My setup is constructed like this, that the GUI of the plugin shows up as soon as I move the encoder. So I really like the idea of using a gain-plugin. But if you say, that the FreeG is quite hungry, it’s not the right thing for me. I use 8 different racks in every song. So this will be 8-10x FreeG.
Any other ideas for less hungry gain-control-plugins?

@brad: Alright. Thanks for checking! I have already an idea how to workaround this.

In the past, the idea of having customisable “control panels” for racks/songs, with a set of user-definable controllers (faders or whatever), that give you visual feedback, was discussed, and is still on the feature request list.

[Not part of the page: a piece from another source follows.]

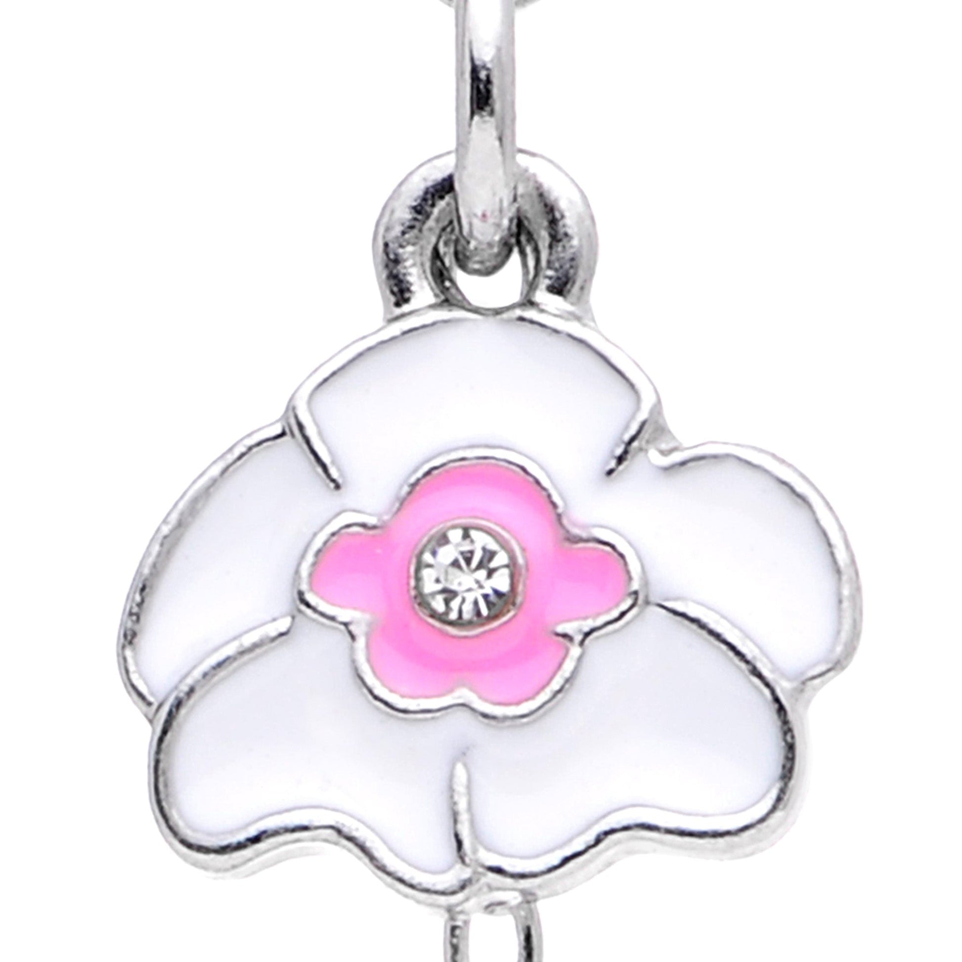 Flowers like to bloom in nice green spaces....even when they're dangling from your ear! This 14 gauge helix barbell is made with a 1 1/2" durable 316L surgical grade stainless steel straight barbell with 5mm ball ends. Dangling from one of the ball ends is a white flower charm with a pink center and a small clear gem. Also dangling from the ball end is a small length of chain supporting two cat's-eye-shaped gems in a deep rich green. This blossoming barbell industrial is bound to look beauteous in your industrial piercing!Specifications

I think that would provide the kind of functionality you want, without the overhead.

In the meantime, 80 instances of FreeG sounds like a bad approach, definitely! Could you instead just have instances at the point of entry of your controller data? For example, put them in your background rack, bound to the incoming controller data, and accessible automatically in all songs? You wouldn’t necessarily know which plugin parameter is being changed when you adjust an encoder, but you’d still have the visual feedback, and you’d only need one FreeG instance per physical encoder.

By the way, I like your idea of having plugin GUIs pop up when you move an encoder, for visual feedback. Do you have any mechanism for dismissing the GUI when you stop making adjustments?

Neil

No, you got me wrong. I have 8 channelstrips. So this would mean 8x FreeG. I think I just need to check if FreeG causes any significant CPU-Load.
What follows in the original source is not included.